IIRC, she’s also claimed she finds breast-feeding perverted, even though Roma traditions are the exact opposite. So she really only uses her background as an excuse when it fits her biases even when it doesn’t)
Of course she is. How do you know when ZPG Zealot is lying or trolling? She’s posting.
Bwaaaaaaah.
For a long time now I’ve smoothly slid proffered handshakes into fistbumps.
I’m a guy with no problem shaking hands, I do it only to add some whimsy, which it does. I recently fistbumped an elderly woman who then went around fistbumping everyone she could, cackling each time someone responded.
I don’t imagine ZPG would appreciate being fisted.
She’s whatever specific branch of Roma she is. She speaks as if she was the voice of all women, when her attitudes are shared neither by the majority of the women within 500 miles of her, nor by many Roma.
Nah, a cat wouldn’t shake hands with a king. It would just start washing its butthole with gusto.
Not offensive but if you are going to do the credit card swipe it is polite to ask permission first.
Through a bizarre set of circumstances I found myself at the reception for the first Kuwaiti ambassador to Iraq since the 1990 invasion. I was on the receiving line and met him and his wife. The guy in front of me mistakenly put out his hand to shake the hand of the ambassador. He was not shot. He was not accused of rape. He was not dragged out of the al Rasheed. Instead she graciously said she does not shake hands. Then we had a nice brief conversation about the military. Amazing how that worked out even in a Muslim country.
You mean, she was pleasant even though he’d just raped her? Wow!
Phrasing!!
Lets keep things accurate. Attempted rape.
I will admit that at times, when it’s been a while, I will shake my own hand.
People shake hands because 95% of us aren’t pants-wetting children looking for reasons to be offended. Also, non-dysfunctional people sometimes like to touch other people to form a connection. If you don’t like human connections, may I recommend discontinuing use of this board?
I know this pit thread isn’t about you, but I want to take this opportunity to let you know that there’s a special place in hell for people who treat adopted children like pariahs.
Oh and super fuck you to ZPG Zealot. {{{{{{HUGS}}}}}}
I hadn’t realized school officials had such brittle ribs, what with all that cafeteria milk they drink.
Kudos on safe sex. It’s important. Make sure you wash your hand first, though.
Whoa! That’s a real thing?
And I thought it was only the Japanese who did strange thinks to butts!
In competitive chess, you shake hands both before and after the game.
A refusal to do this is taken very seriously and may result in a forfeit.
I personally have played chess all over the world and every game had the two required handshakes. This included games against men, women and children of many nationalities, religions and cultures.
I have also worked for several large companies (plus a private school) and every one of them expected me to offer a handshake to customers (and parents), whether male or female. This had the backing of each HR department.

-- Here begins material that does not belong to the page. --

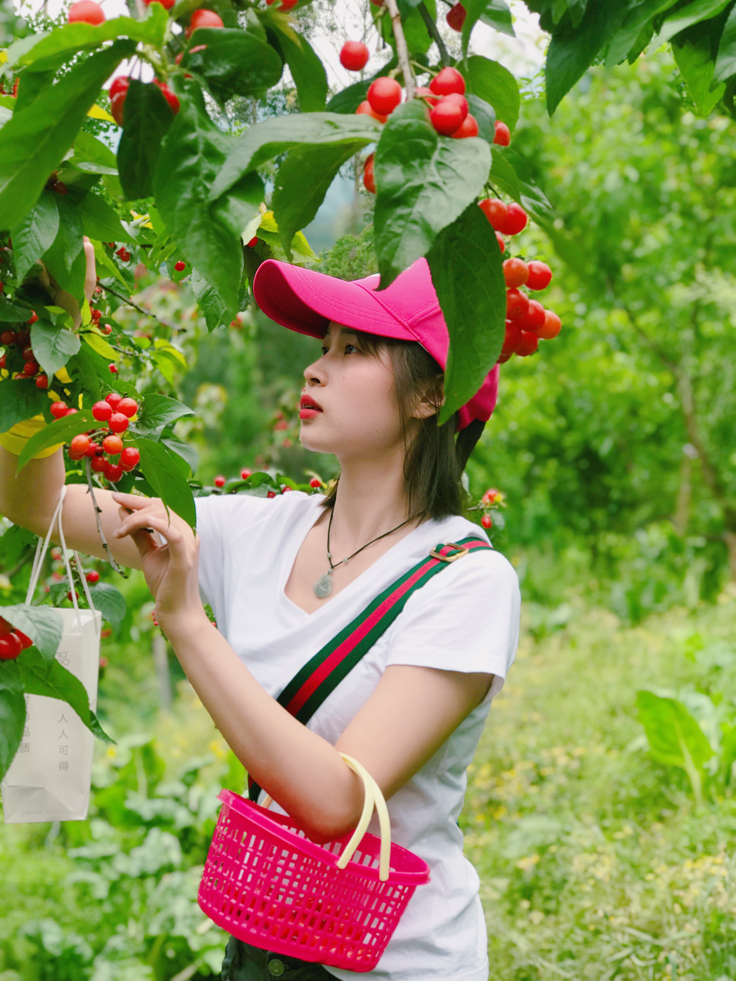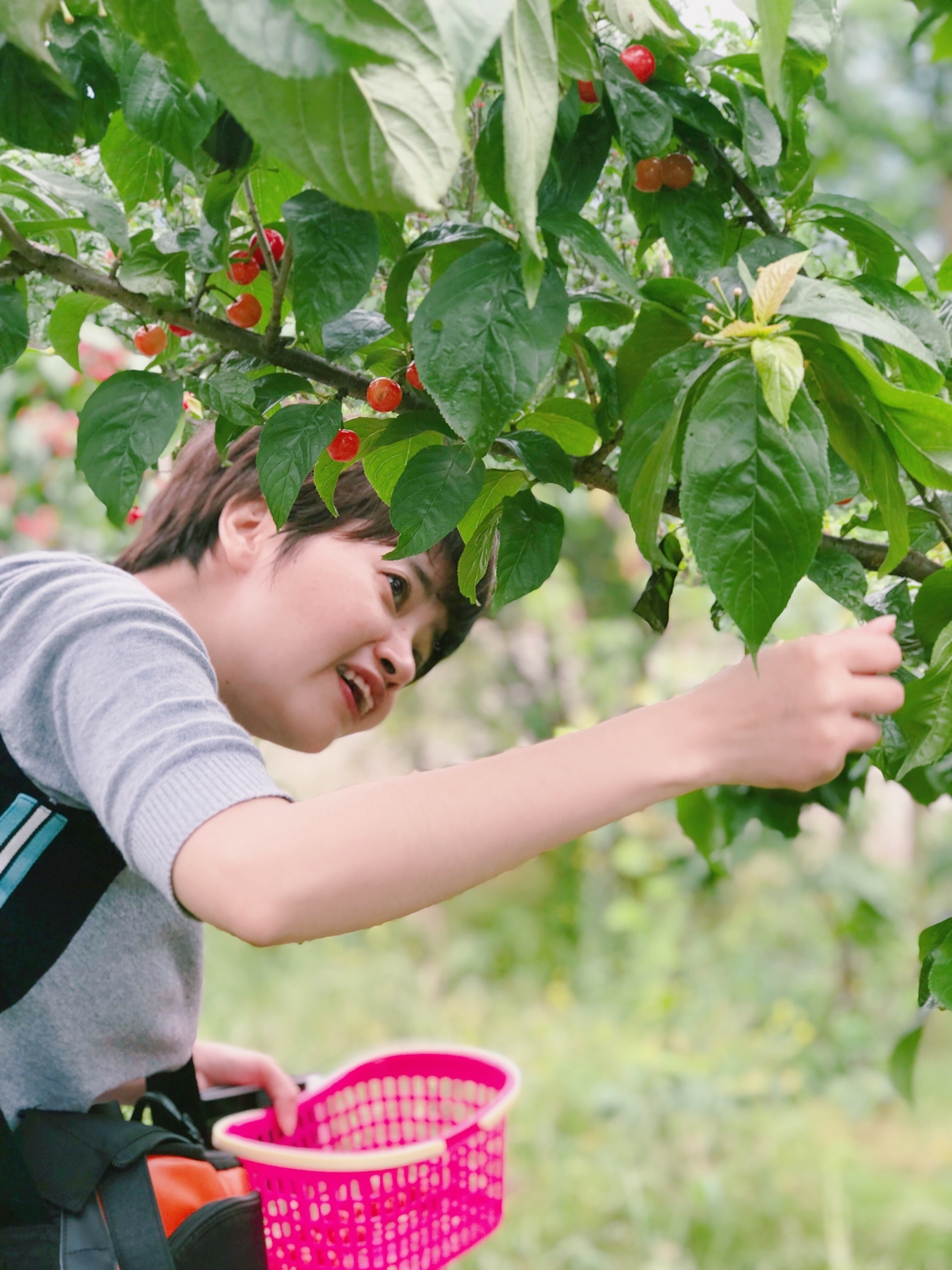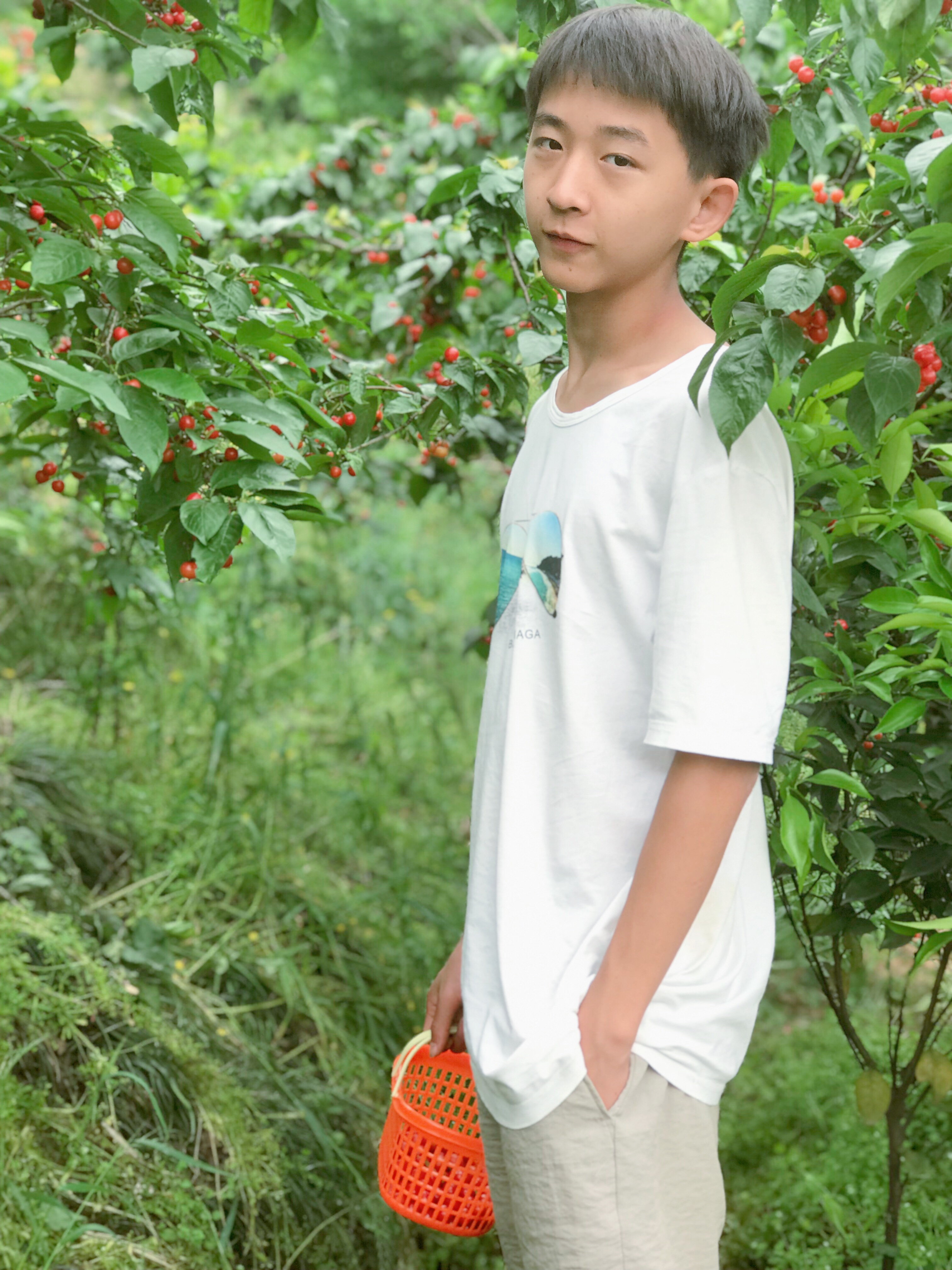 认真摘樱桃加摆拍的我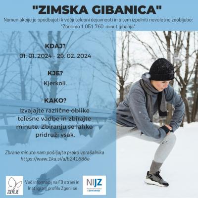 Murskosoboška območna enota Nacionalnega inštituta za javno zdravje vabi k akciji promocije telesne dejavnosti "Zimska gibanica," v kateri lahko prebivalci Pomurja in ostalih slovenskih krajev zbirajo minute gibanja. Akcija se je že pričela in bo poteka do 29. februarja 2024.

You completely misunderstand. The message I was trying to send is that men, well actually everybody in general, should err on the side of caution in how their behavior can effect those around them especially those they don’t know.
And yet coincidentally “err on the side of caution” as you suggest it never works out to be the actions statistically least likely to offend people, but the actions that offend you and your, ahem, rather particular sensibilities the least. Funny, isn’t it?
When it comes to matters of concerning physical touch, verbal consent is the best the standard. Seriously, nonverbal consent is too easily a quagmire in a lot of behavior.
Yes, everyone should try to do no harm. The problem is, there is no choice that does no harm to anyone. Well, i assumed the standard choice, which is to offer a handshake politely, without grabbing anything, did no harm. But you seem to disagree.
Making a fuss about my being a woman and checking before shaking my hand, but not before shaking the hand of a man, harms me. It announces to everyone in the room that this person views me as a woman first, and a colleague second.